Hiding in a secluded cave and recruiting new soldiers is Hai Tian and his gang. His father calls them cowards for hiding in this wretched place when Yun Kuang (Yun Er’s full name) is out and about fighting like a real man. This dad makes no sense. One can only succeed with careful steps. His son just started for heaven’s sake.
Pang Wan returns to the care with good news. After fighting for a period of ten days, Yun Kuang’s troop is depleted of food and and water. If the battle continues, Yun Er’s bound to lose. Pang Wan thinks it’s better if they join forces with Yun Kuang and Hai Tian’s father agrees enthusiastically. Zi Shu disagrees because it’s the same as selling their weakness to Yun Kuang.
With them having the upper hand, they ought to seize this chance and kindly send a letter to Yun Kuang. They can join forces but Hai Tian must be granted equal status as Yun Kuang in the war.
Kappy: HOHOHO! Finally, the setup is over. We can now have the men biting each other’s head off, slowly becoming friends, and aiding each other, before they eventually fall out. And in the midst of these bloody battles, seeds of multiple romances are planted. Some seeds bloom into flowers, while others wither into a life of regrets.

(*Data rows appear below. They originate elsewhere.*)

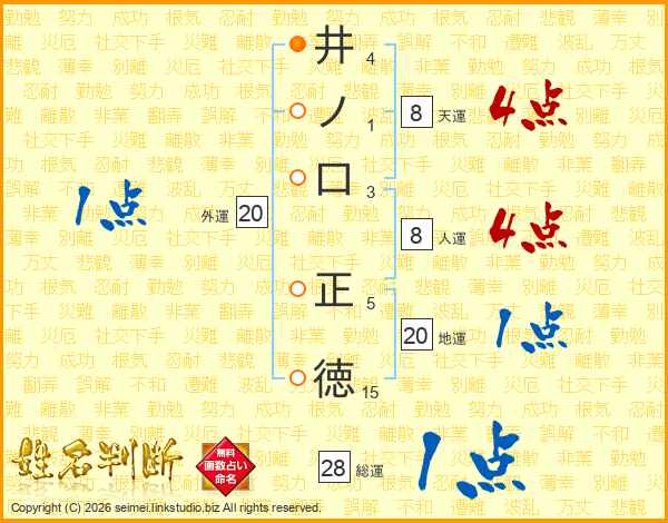 井(4画)ノ(1画)口(3画) 正(5画)徳(15画)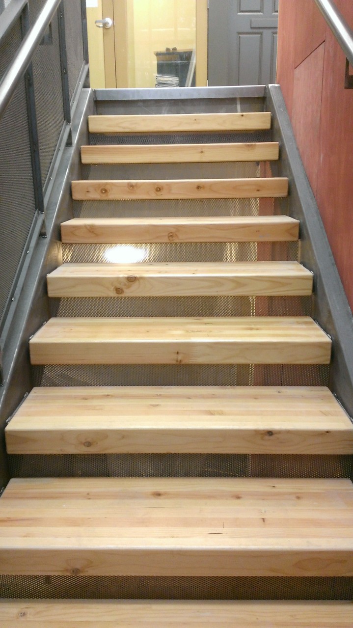The stairwell system is an interesting combination of steel and wood. The lower stairs and landing are made out of wood and the upper stairs are made out of part wood and part steel. The handrails are steel. The stair treads (the part you step on) are made out of pieces of wood beams. The existing building is so solid we figured it deserved something substantial.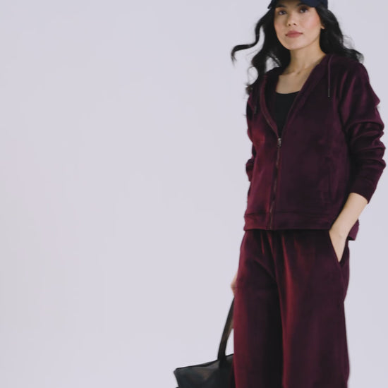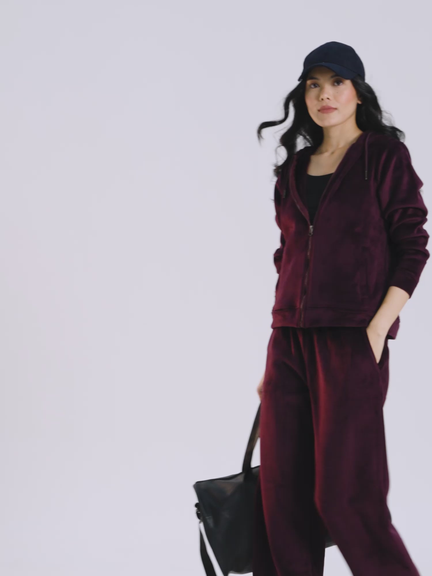 Luxe, velvety-soft textured velour fabric for a chic yet cozy feel

As of right now, I do not appreciate Le Er’s character development. She’s all big words (“I can be just like a man!” “I’m ambitious!”), but when it came down to really making an impact, she waited for Yun Er to save her? What the heck was that running randomly into someone’s arms before seeing their face krap? Don’t kid around Yumama. Your characters are not making sense here. I know she knows her limitations as a woman, so why didn’t she wait and observe the situation before carrying out her plan? It made her look silly, like a last-minute damsel in distress, that she incessantly declared she’s not.
I like Pang Wan already. What a little badass warrior. And Zi Shu’s calm and astute. Hai Tian is lucky to have such good friends around him. I can’t wait for the bromance between Yun Er and Hai Tian. It’s going to be epic, a rock vs another rock.